CREDIT: Kate Nash/Instagram

“I don’t dispute that everyone should be trying harder,” Zillmann added. “It’s not just festivals – we’re just the endpoint. We’re an easy target because we have a poster that clearly shows the hierarchy of the music industry.”

Nash criticised the answer as “lazy & passing the buck” and said: “This is the reason things don’t change cause everyone makes some lame excuse.”

CREDIT: Kate Nash/Instagram

Earlier today (March 27), the musician added to her comments, saying she “woke up feeling bittah” about Zillmann’s comments. “Blaming our industry on a whole instead of each taking responsibility for making change allows for the people in power to stay at the top,” she wrote. “We need people like you to help us change the industry.”

Nash went on to note that artists get 70 percent of their income from touring – which has been stripped from them in the last year due to the pandemic. “Discrimination post-pandemic could mean the end for so many female/LGBTQ+/POC artists,” she said. “We already don’t get paid fairly for our recorded work. It’s unacceptable to make steps backwards in terms of booking us.”

CREDIT: Kate Nash/Instagram

In another story, she asked Zillmann: “The industry is unfair so you have to be? Why are you upholding it’s standards? We need your help.”

She also wrote in a post on her Instagram page, in which she said that the music business made her “ashamed yet again”.

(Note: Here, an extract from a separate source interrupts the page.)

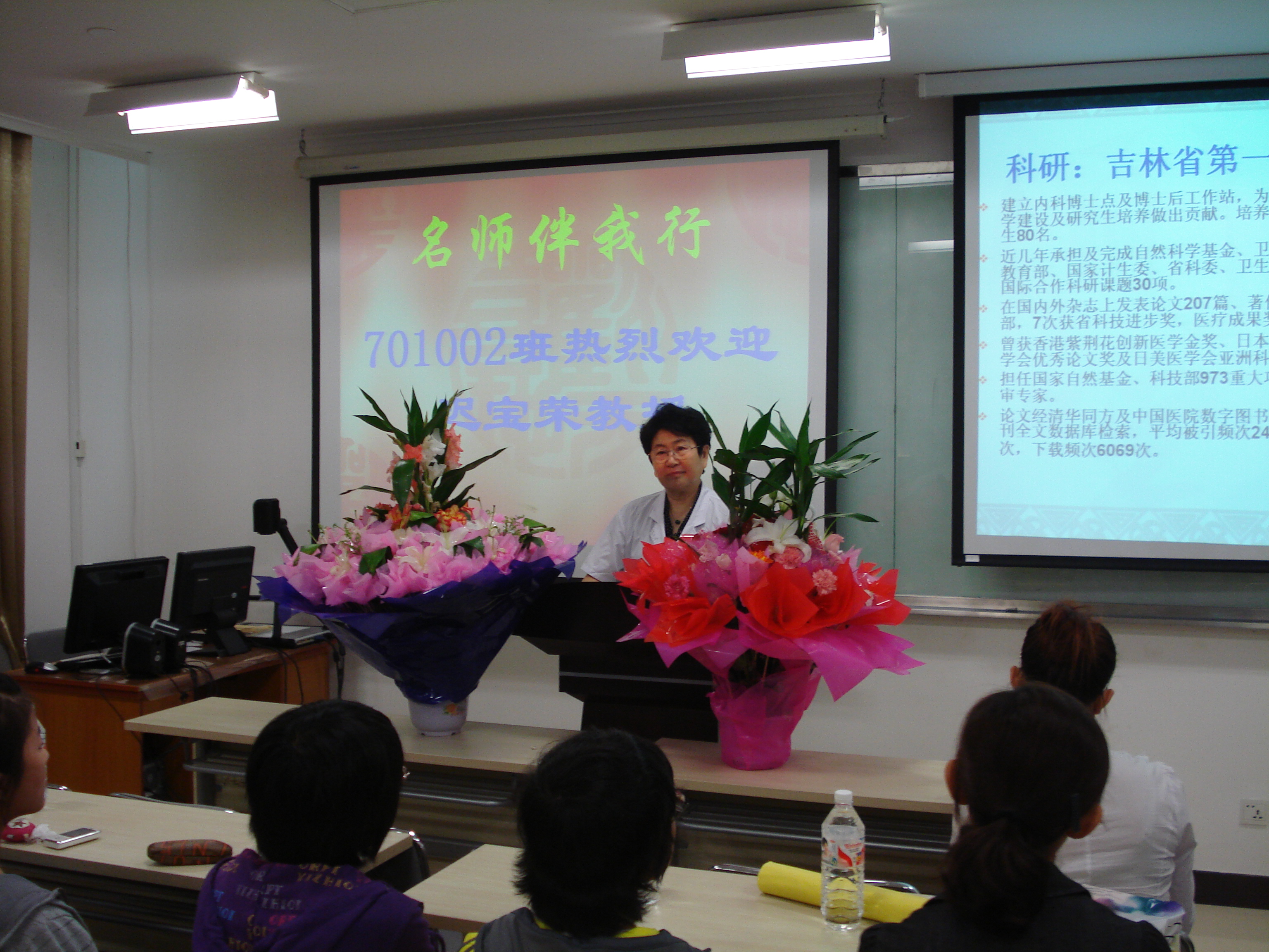 参观结束后,迟教授与同学们在肝胆胰内科教室举行了以“名师伴我行”为主题的班会。迟教授叮嘱大家在大学里要刻苦学习、珍惜时间、全面发展、健康成长。同学们一一进行了自我介绍,迟教授细心聆听、认真记录,详细了解了班级同学的生活情况。班会中同学们提出了许多问题,迟教授精彩的回答博得了同学们阵阵掌声。她说:“医生最重要的是精湛的医术以及良好的职业道德,希望同学们努力学习专业知识,提高外语水平,保持身体、心理和行为健康,快乐充实地度过大学生活!”辅导员秦雪对本次活动进行了总结,衷心地感谢迟教授对同学的谆谆教诲。学生代表王馥婧向迟教授献上了同学们精心准备的礼物。

CREDIT: Kate Nash/Instagram


“We’re an unprofessional industry, we have no HR department, sexual assault & abuse is RIFE, we don’t pay artists for their work and we make promises to book more women and create diverse line ups and fail to commit,” she wrote. “If we constantly blame the gatekeepers like major labels and publishers then how do we ever change things because they have proved they really don’t give a shit.”

She continued: “I’ve seen this industry destroy the self esteem of so many and it’s killed so many musicians. Instead of encouraging you to have a career in this horrible business I make a promise to do everything I can with my position to make changes so that I could feel better about wanting you to pursue this life. I think what most industry people forget is that they have a wage, an income, a sense of stability, if they’re American they get great health care and dental.

View this post on Instagram

A post shared by Kate Nash (@katenash)

“Lots of musicians don’t get that. If they’re extremely lucky then they can create those things for themselves. But we’re in the minority. Or we got a job on a Netflix show. Most people in music will say that they got in the business because they love music. So love it then. Make choices because you love artists and music, not because it’s hard to go against the grain. Make your priorities a priority.” You can read Nash’s post in full above.

In January, Nash also spoke out against the industry and the inequalities in streaming payments.

“If you’re an artist that can afford to live in a city like me then we have got to unite in some way to stand up for the working class musicians who can’t afford to keep going even though they have millions of streams on Spotify,” she tweeted. “It is unethical. Music is not a club for the rich.”